We met in town and saw a movie. I felt sick throughout the movie. The only time I felt half good was when I reached to hold her hand. It wasn't a 'love' movie, it was Iron Man 2. There was 1 scene in the movie that kinda touched both our hearts but we wouldn't know that until after the movie. Then she asked if she could show me a store she liked and I went and was happy. Her perfume is making me sick because all I can think of when I smell that is her...sounds silly.

After the movie we went outside and started talking about moving. I have a friend in real-estate and gave him a call for some advice. I handed the phone to her. I'm sure the first question he asked was "You doing well?" and her answer was "Somehow." Which is a direct translation...it's kinda like "I'm getting by." I read into that perhaps a little too much. I really didn't know what to say after. I asked her what she thought we should do as far as moving and her answer was "We have to look harder for a place." 
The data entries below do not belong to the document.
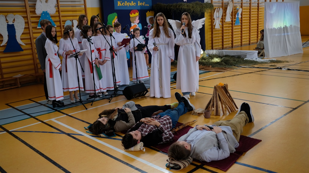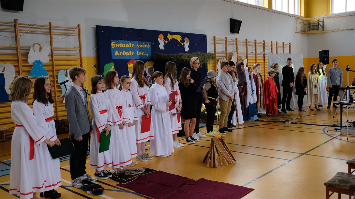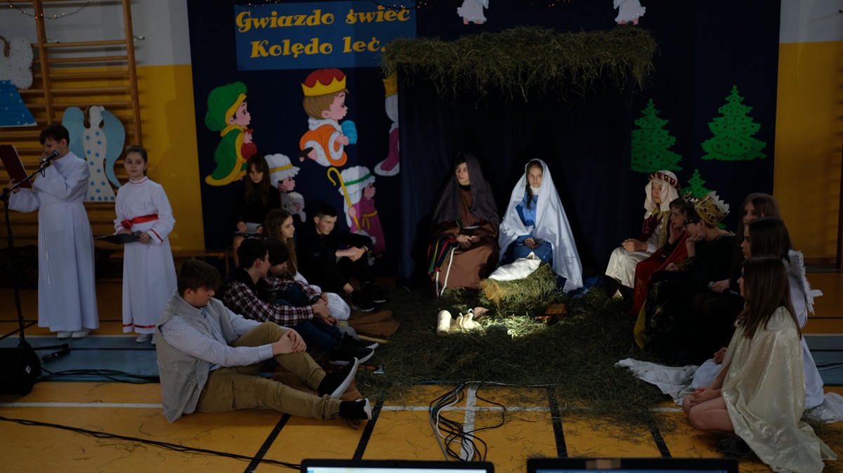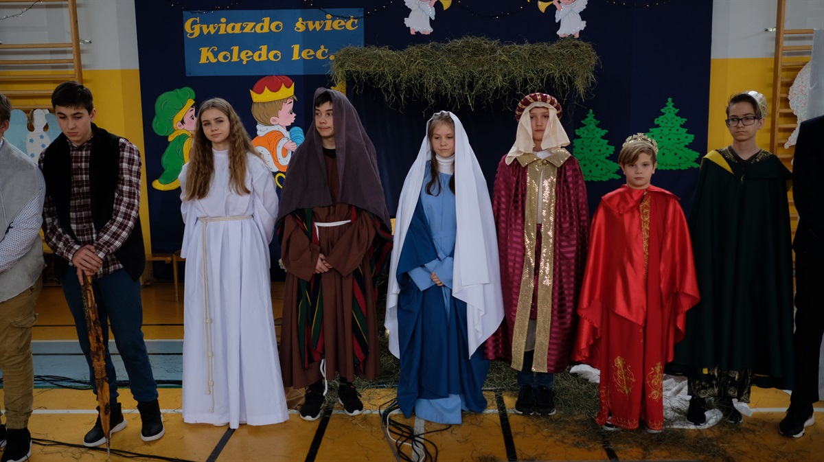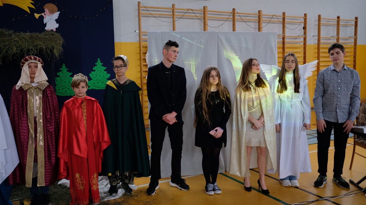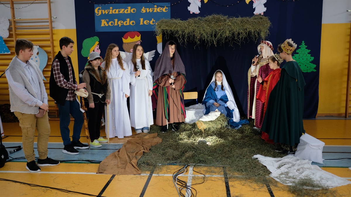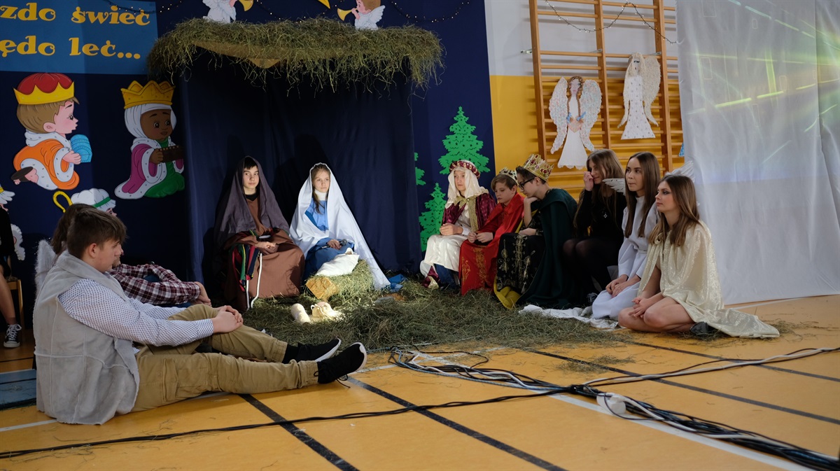 Okres Bożego Narodzenia już za nami. Mimo to chcielibyśmy podzielić się ze wszystkimi krótką relacją z naszego przedstawienia jasełkowego. Wydawało się, że nasze plany nie dojdą do skutku, niestety,  tuż przed świętami zostało wprowadzone zdalne nauczanie. Dzięki determinacji naszych aktorów występ doszedł do skutku. Jasełka odbyły się 26 stycznia. Wielką radością było to, że cała szkoła mogła obejrzeć przedstawienie. Warto zaznaczyć, że ta data okazała się starzałem w dziesiątkę, ponieważ już od 27 stycznia starsze klasy przechodziły ponownie na zdalne nauczanie.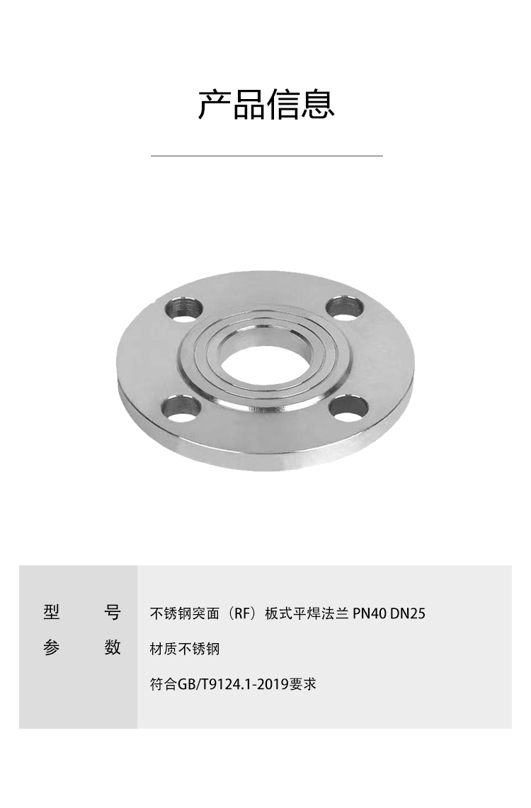 千鉴思 不锈钢突面(RF)板式平焊法兰 PN40 DN25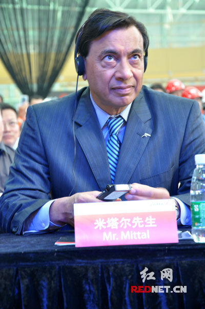 (安赛乐米塔尔董事长兼首席执行官拉克希米•米塔尔(Lakshmi Mittal)出席华菱汽车板项目投产仪式。)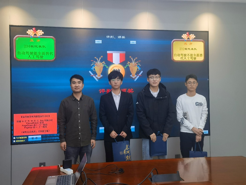 比赛一开始,正、反方开篇立论,思路清晰,准确抓住辩题的核心问题,围绕自动驾驶与人工驾驶的优劣势,为现场观众奉上了一场精彩刺激的辩论盛宴,赢得了现场观众的热烈掌声。最终无限动漫 2023级研究生“新生杯”专业辩论赛决赛获胜队伍为232班代表队,最佳辩手为234班李宁同学。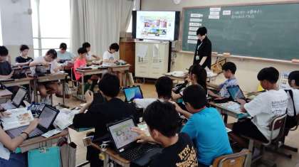 6年生の教室をのぞくと、子どもたちがさっそく新しいiPadを使いながら外国語の学習に取り組んでいました。イヤホンを使ってデジタル教科書の音声を聞きながら、聞き取りの問題に取り組んでいました。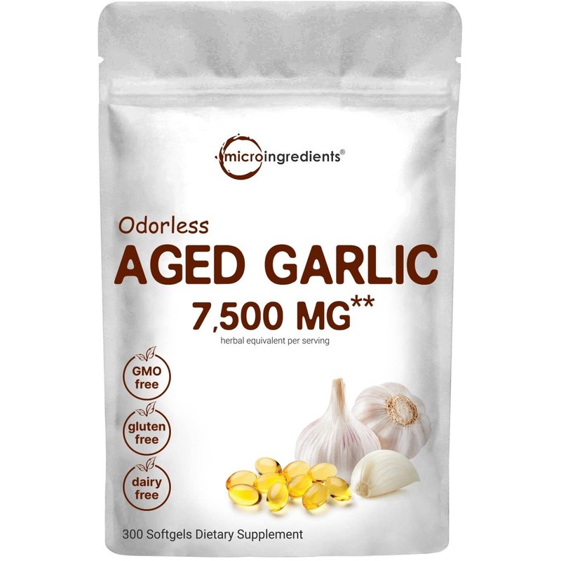 Micro Ingredients Odorless Garlic 7500mg Per Servings, 300 Softgels | 2 Years Aged Garlic Extra...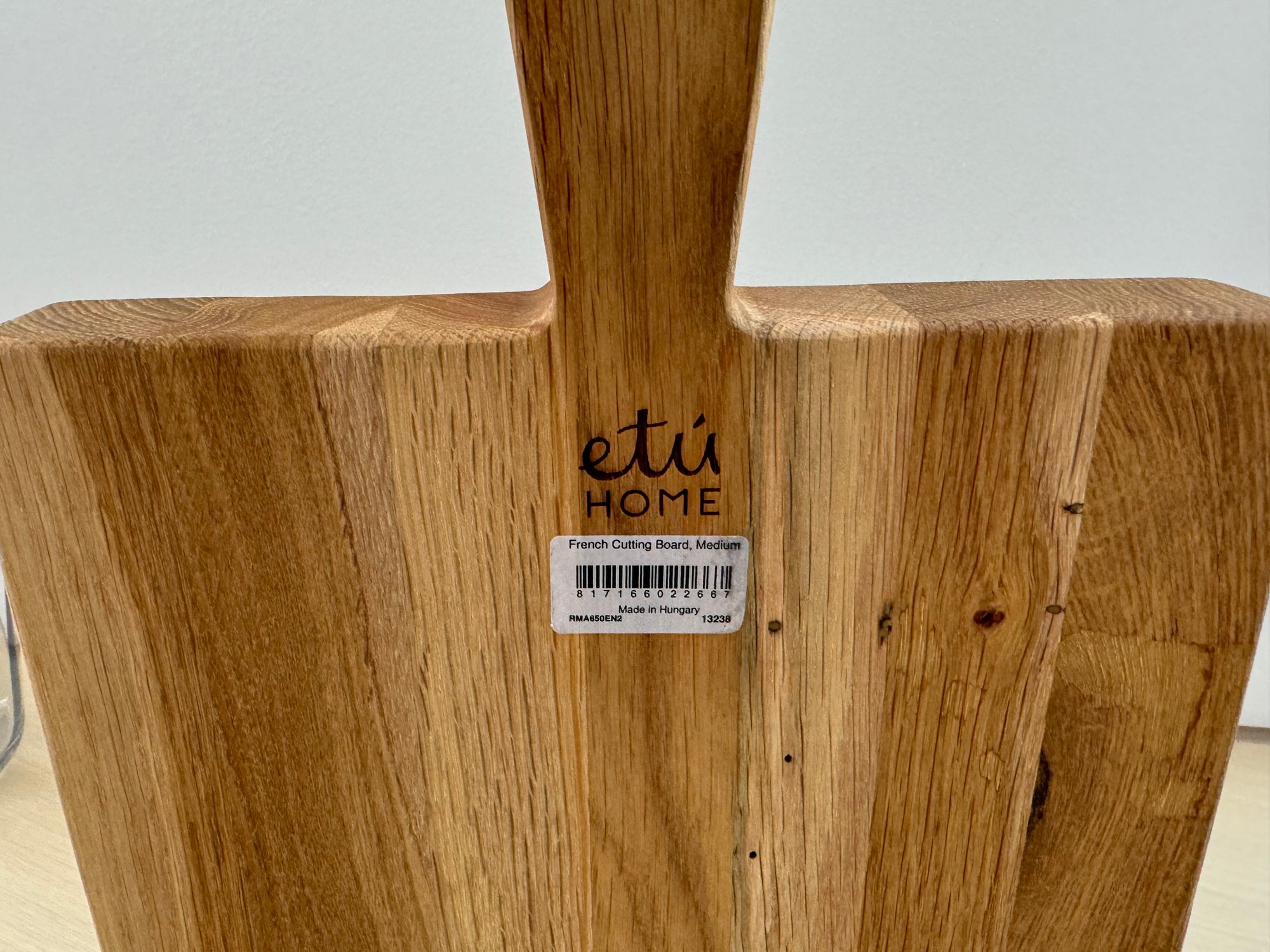 (1) Wooden Etu Home cutting board which measures 13”w by 10”d x 2”h

I rode my bike into town and she took a train. I think she's spending some 'alone' time in town. She asked me to pick up a bottle of wine on the way home. I'm home and I'm guessing she's still in town walking around.

So the up today was the email and her saying 'love you' when I rode off. The down was that she's still out window shopping and I'm home going over the entire day like in detail in my head. I don't think she really knows how I feel, or she's set aside those feelings to deal with her own feelings for the moment.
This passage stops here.